A study from the University of California, Los Angeles finds that in resource-rich, oil-dependent countries, the curse consistently produces three difficult-to-escape outcomes: the entrenchment of authoritarian regimes, rising corruption, and the emergence of conflict, particularly in lower- and middle-income states.

This is where institutional structure becomes decisive. When large resource revenues are concentrated in a single node, such as a state oil company, a sovereign wealth fund, or a massive mining project, they become easier for political elites to control.

Contracts can be negotiated behind closed doors. Royalties can be structured in ways that leave the state with only a fraction of the true value.

In Argentina, Canada, and the United States, the average effective tax rate on oil projects is even below 50 percent, far lower than in countries such as Angola, Libya, and Norway, where governments capture more than 70 percent.

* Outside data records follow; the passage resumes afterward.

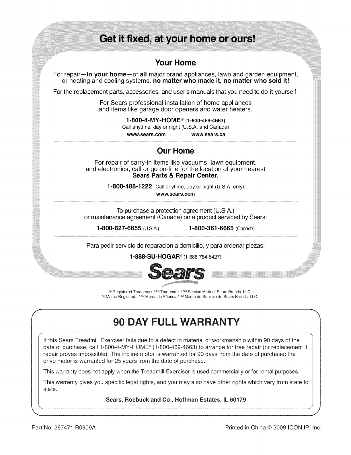 Part No. 287471 R0909A Printed in China © 2009 ICON IP, Inc.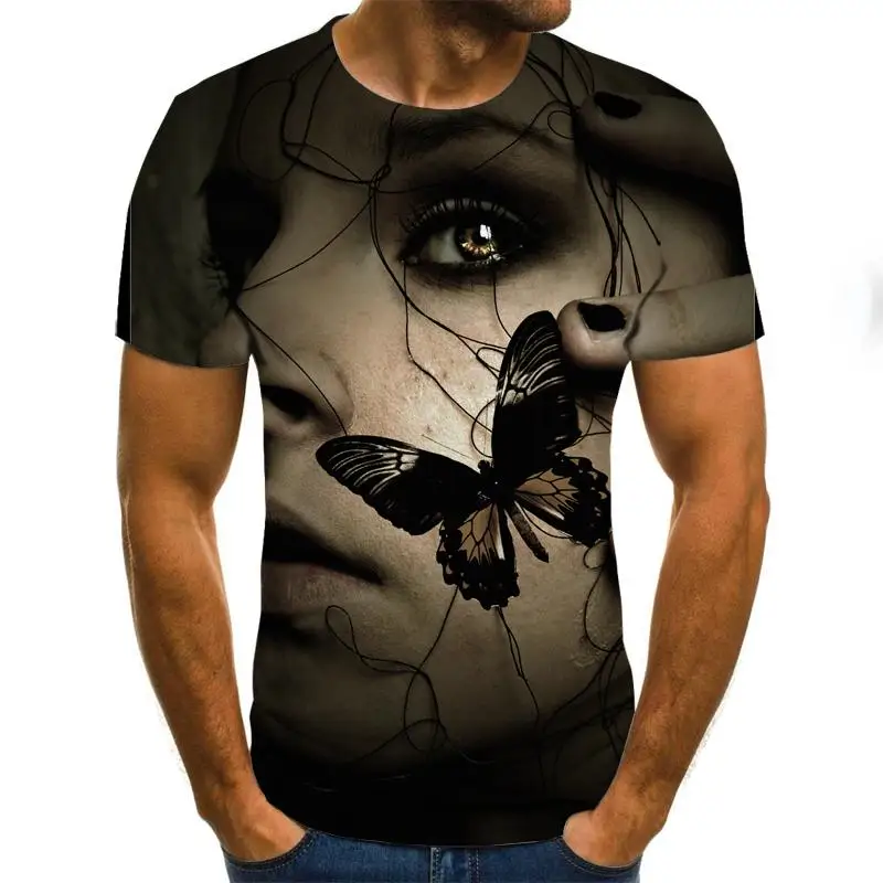 Летняя новая рубашка 3DT, Мужская Уличная Повседневная Черная футбо...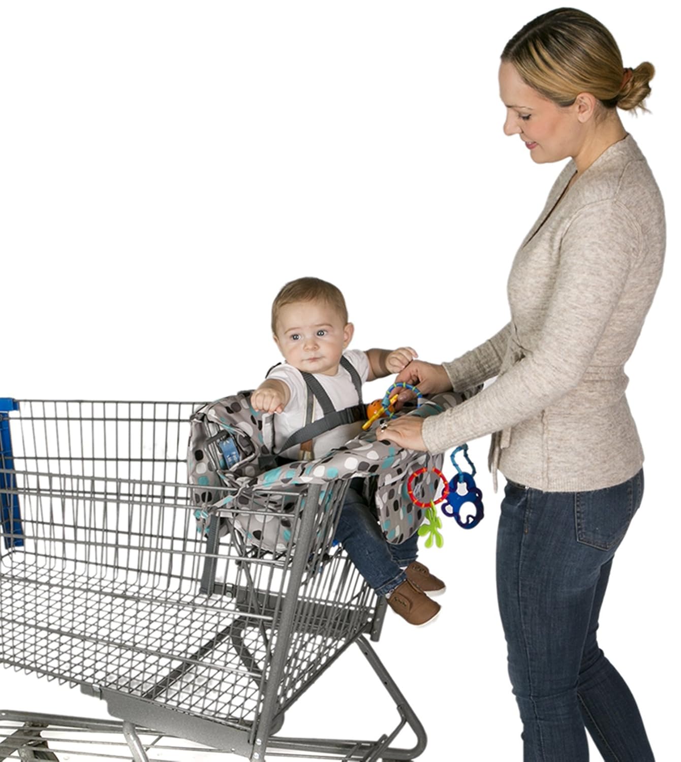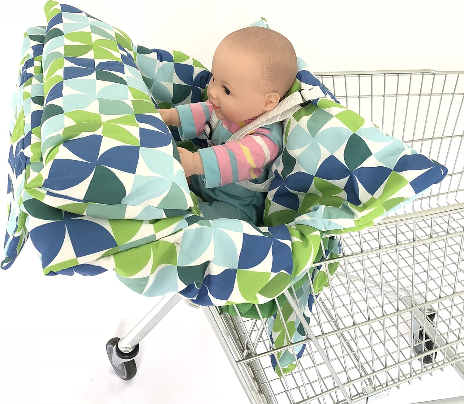 Momogo baby boys shopping cart and high chair seat insert, blue diamond.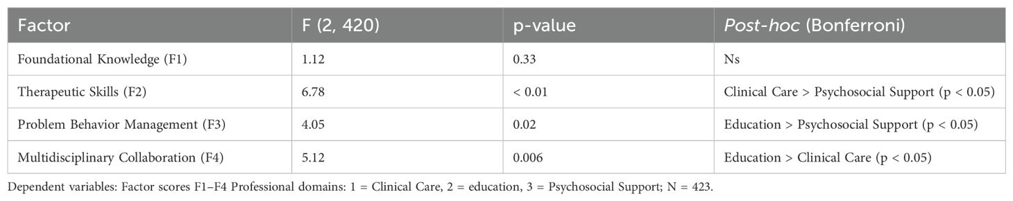 A one-way analysis of variance (ANOVA) with Bonferroni-corrected post hoc tests was conducted to compare factor scores across the three professional subgroups: clinical care, educational professionals, and psychosocial support.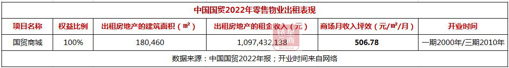 中国国贸2022年度报告显示,中国国际贸易中心综合体中的零售商场——国贸商城2022年出租物业的建筑面积为180,460平方米,出租房地产的租金收入为1,097,432,138元。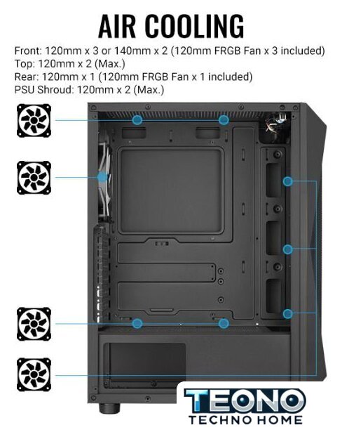 | Конфигурация вентиляторов | Передняя панель: 120 мм x 3 или 140 мм x 2 (Вентиляторы 120 мм FRGB включены x 3)Верхняя панель: 120 мм x 2 (Макс.)Задняя панель: 120 мм x 1 (Вентиляторы 120 мм FRGB включены x 1)Кожух блока питания: 120 мм x 2 (Макс.) |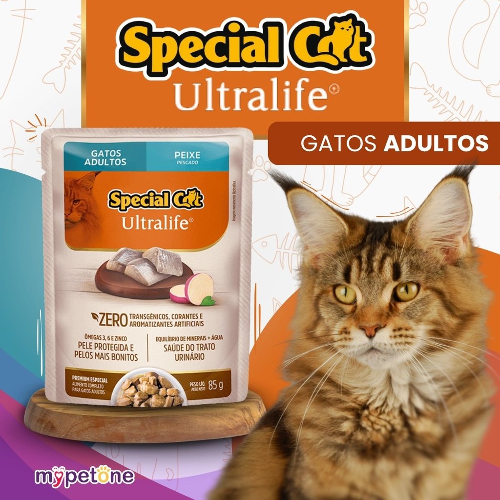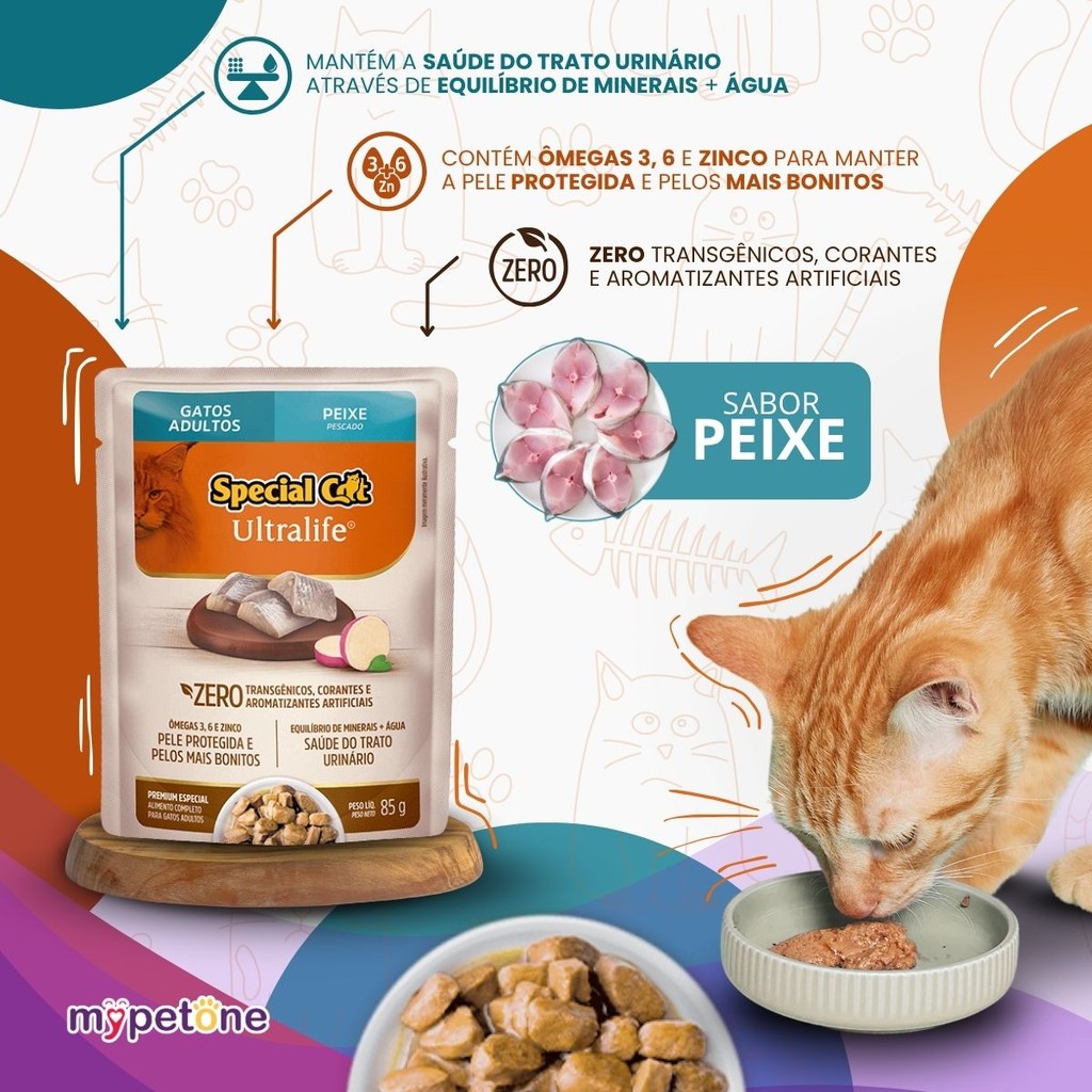 Kit 4 Caixa 12 Special Cat Ultralife Sachê Adultos Sabor Peixe - 85g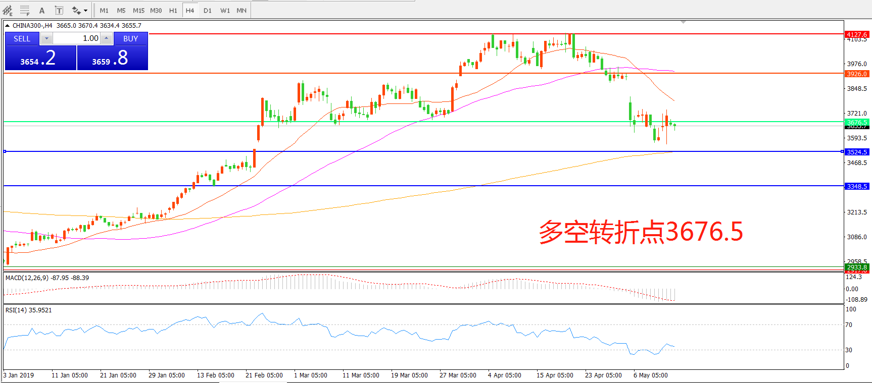 4小时图看,沪深300指数在连续下行后企稳,200均线成为短线支撑,短期均线依然向下,MACD绿柱增加,RSI指标拐头,日内震荡下行概率较大
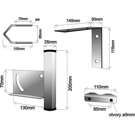 | Baleno: | protikus- tl. materiálu 3mm, 1x hákový šroub, 2x podložka, 2x matkaL profil pro uchycení na zeď + 2xšroubek, 2x matka, 2x podložka |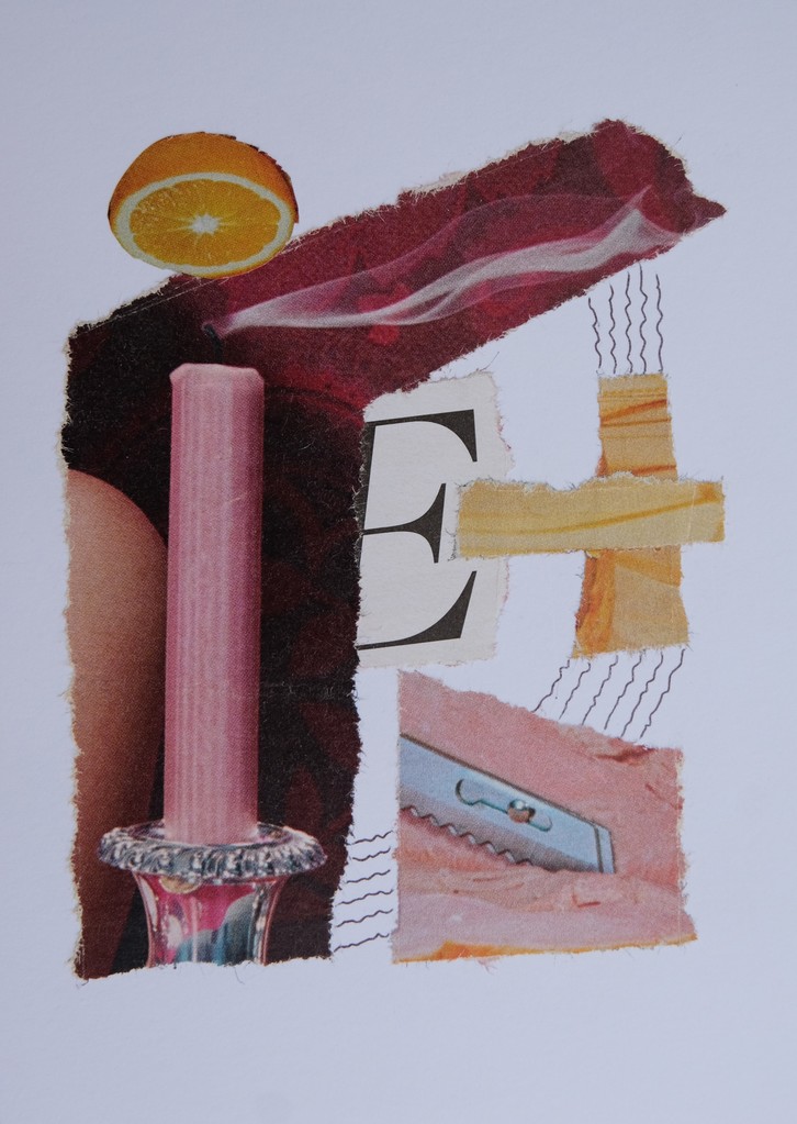 "Plaats de E centraal / en een aantal items / in een losse maar / zinderende verbinding." (papieren collage, particuliere collectie)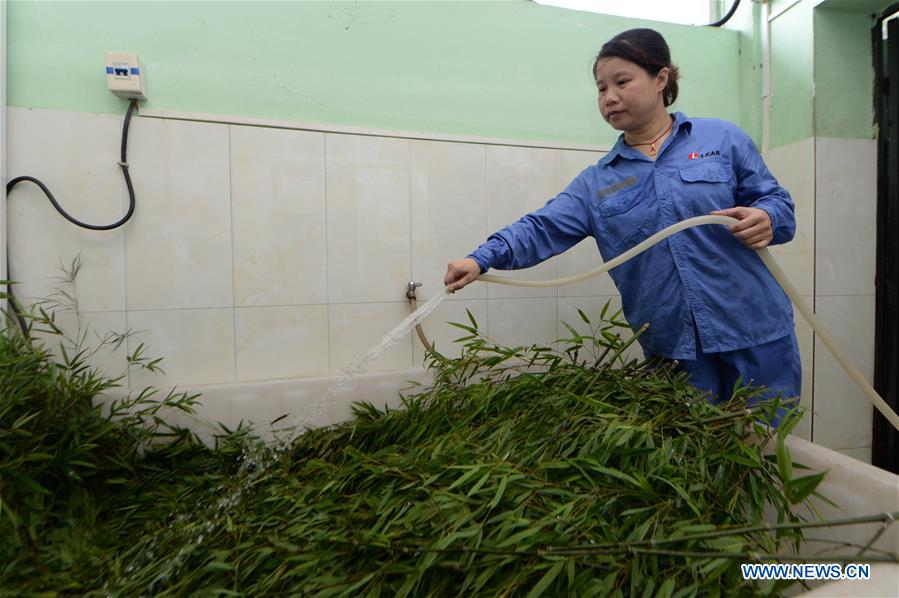 A staff worker washes fresh bamboo at the Nanchang Zoo in Nanchang, capital of east China's Jiangxi Province, July 17, 2017. (Xinhua/Peng Zhaozhi)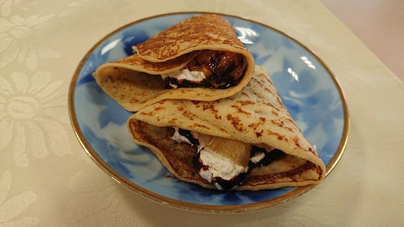 この日のレクリエーションでは「クレープ」を焼いて、入居者様がお好きにトッピングしていく事になりました。様々なクレープが出来上がる中で、秀逸だった作品を写真に撮らせて頂きました。

There Is a Way Out, but It Is Not Easy

The resource curse is not destiny. Chile offers a clear example. As one of the world’s largest copper producers, Chile managed to escape this trap after a long transformation spanning nearly four decades.

The shift began in the 1970s with systematic economic reforms that opened space for other sectors to grow. By 2013, Chile ranked among the ten freest economies in the world.

Norway provides another example. It has managed its oil wealth through a transparent sovereign wealth fund and by investing heavily beyond the energy sector.

The core lessons are consistent. Economic diversification, accountable governance, transparent revenue management, and sustained investment in human capital, especially education and healthcare. The results often take decades to materialize.

Without strong institutional frameworks, even the greatest natural wealth will flow into the hands of a few, while millions are left waiting for prosperity that never arrives.